TOP WRISTLOCK (TWL)
Mão-de-Vaca (TWL)
IBJJF legal at: brown
The top wristlock (TWL) is the canonical wristlock submission in BJJ, in which the attacker grips the opponent's hand and rotates the wrist past its normal range of motion in the direction the palm faces. The technique attacks the wrist joint by hyperflexing the carpal bones into the radius and ulna, producing a pain submission rather than a structural-injury submission (unlike most BJJ joint locks which threaten ligament damage). The IBJJF restricts wristlocks to brown belt and above; the ADCC permits them at all levels.
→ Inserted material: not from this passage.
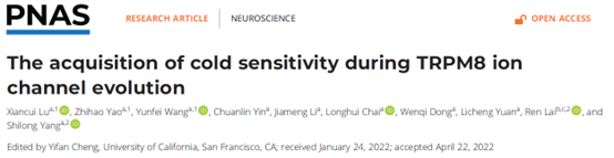 5月21日,美国科学院院刊《Proceedings of the National Academy of Sciences of the United States of America》发表了我校野生动物与自然保护地学院杨仕隆教授研究团队的题为“The Acquisition of Cold Sensitivity during TRPM8 Ion Channel Evolution”的研究论文(图1),该研究揭示了动物登陆演化与TRPM8冷激活机理。

The mechanics begin with the attacker gripping the opponent's hand in a specific configuration — palm-to-palm with fingers interlocked, or thumb-to-base-of-thumb in the conventional TWL grip. The wrist is then rotated past its normal range of motion in the direction the palm faces, with the attacker's body weight providing the structural lever. The technique can be applied from almost any position — closed guard, side control, mount, half guard, even standing — because the wrist is exposed in virtually all grappling exchanges. The attacker's challenge is gripping the wrist before the opponent can defend; the technique is most effective when applied to a hand that is already committed to a grip (sleeve, lapel, neck).
Top wristlocks have been used extensively by competitors who specialize in finding submissions from unusual angles, particularly Mikey Musumeci (multiple-time IBJJF World Champion who has built his game around hand-fighting and wristlocks), Eddie Bravo, and the 10th Planet system practitioners. The technique pairs particularly well with closed-guard sweeps and from the bottom of mount/side control. Defensively wristlocks are escaped by recognizing the grip configuration early and rolling the wrist in the opposite direction, by stripping the attacker's grip before the rotation begins, or by tapping early (wristlocks can produce permanent ligament damage if held past the pain threshold).
MECHANICS
- 01Grip the opponent's hand in palm-to-palm or thumb-to-base configuration.
- 02Apply body weight to the gripping lever.
- 03Rotate the opponent's wrist in the direction the palm faces.
- 04Hyperflex past the normal range of motion to finish.
- 05Apply slowly — wristlocks can damage ligaments permanently.
DEFENSES
- →Recognize the grip configuration early.
- →Roll the wrist in the opposite direction of the attacker's rotation.
- →Strip the attacker's grip before the rotation begins.
- →Tap early — wristlocks have low margin between discomfort and injury.
- →Keep grips strong but mobile to deny isolated wrist control.